A Study to Determine Safety and Tolerability of GMI-1359 in Subjects With HR+ Metastatic Breast Cancer
Study Details
Study Description
Brief Summary
This trial is being conducted to investigate the safety, tolerability, pharmacokinetics (the effect the body has on the drug), and pharmacodynamics (the effect the drug has on the body) of GMI-1359 when given with standard-of-care treatment to subjects with HR+ metastatic breast cancer.

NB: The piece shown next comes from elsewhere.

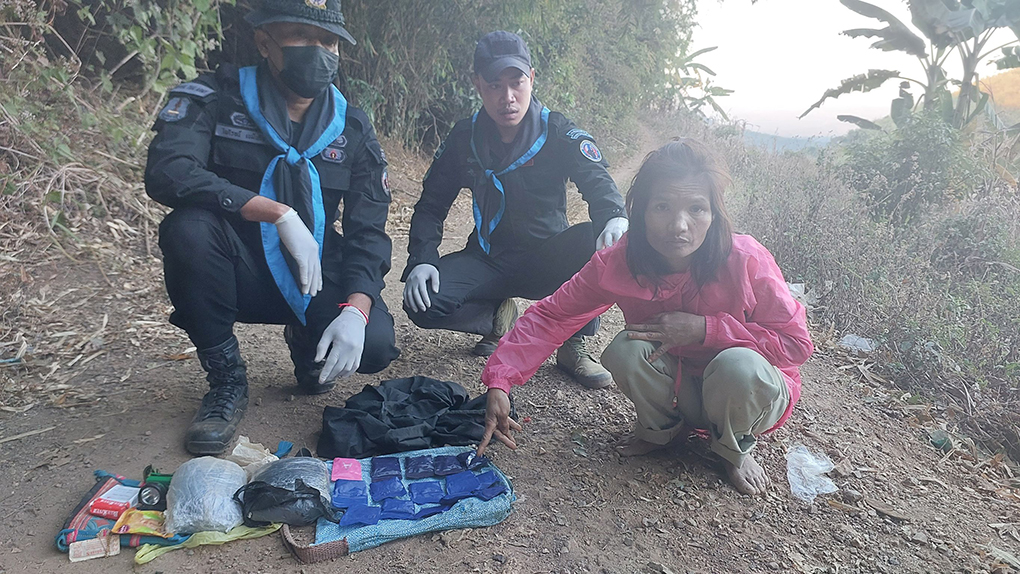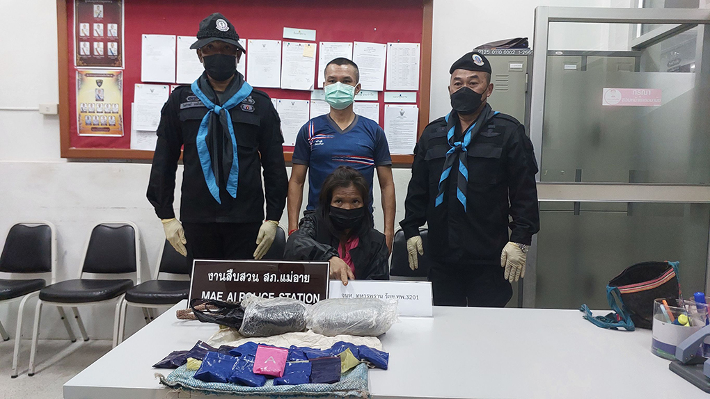 แต่บุคคลดังกล่าวฯ พยายามวิ่งหลบหนี จึงไล่ติดตามและสามารถควบคุมตัวเอาไว้ได้จากการสอบสวนทราบชื่อต่อมาคือ นางนะ อายุ 30 ปี เป็นราษฎรเชื้อสายมูเซอ บ.หมากลาง และได้ดำเนินการตรวจค้นตามร่างกาย ตรวจพบยาเสพติดให้โทษประเภทที่ 1(ยาบ้า) จำนวน 15ถุง (ถุงละ 200เม็ด) จำนวน 3,000เม็ด และฝิ่นดิบ จำนวน 2ห่อ น้ำหนักประมาณ 3.2 กก. โดยยาเสพติดทั้งหมดซุกซ่อนอยู่ตามลำตัวโดยมีสายรัดคาดเอวปิดทับอยู่ และใส่เสื้อกันหนาวปิดทับไว้ นางนาคะฯได้รับสารภาพว่าได้รับการว่าจ้างจากชายไม่ทราบชื่อเชื้อสายมูเซอให้นำไปส่งนำยาเสพติดดังกล่าว มาส่งให้กับราษฎรเชื้อสายมูเซอไม่ทราบชื่อบริเวณดังกล่าว โดยจะได้รับค่าจ้าง จำนวน 500 บาท นางนาคะฯ รับสารภาพว่าเสพยาเสพติดด้วย และได้ตรวจปัสสาวะผลเป็นบวก หน่วยจึงได้ควบคุมตัวพร้อมของกลางยาเสพติดฯ นำส่ง พนักงานสอบสวนสถานีตำรวจภูธรแม่อาย เพื่อสืบสวนขยายผล และดำเนินคดีตามกฏหมายแล้ว

| Condition or Disease | Intervention/Treatment | Phase |
|---|---|---|
| Phase 1 |
Study Design
Arms and Interventions
| Arm | Intervention/Treatment |
|---|---|
| Experimental: Single Ascending Dose followed by Multiple Doses Up to 3 single ascending doses of GMI-1359 followed by the highest tolerated dose given for 3 consecutive days. |
Drug: GMI-1359
Injection 10 mg/mL
|
Outcome Measures
Primary Outcome Measures
- Occurrences of dose-limiting toxicities (DLT) including protocol-defined adverse events (AEs)/serious adverse events (SAEs), and/or laboratory abnormalities will be assessed in order to determine recommended phase II dose (Safety and Tolerability) [Up to 4 months]
Secondary Outcome Measures
- Area under the plasma concentration-time curve [AUC0-t and AUC0-∞] of GMI-1359 [Up to 16 weeks]
- Maximum plasma concentration [Cmax] of GMI-1359 [Up to 16 weeks]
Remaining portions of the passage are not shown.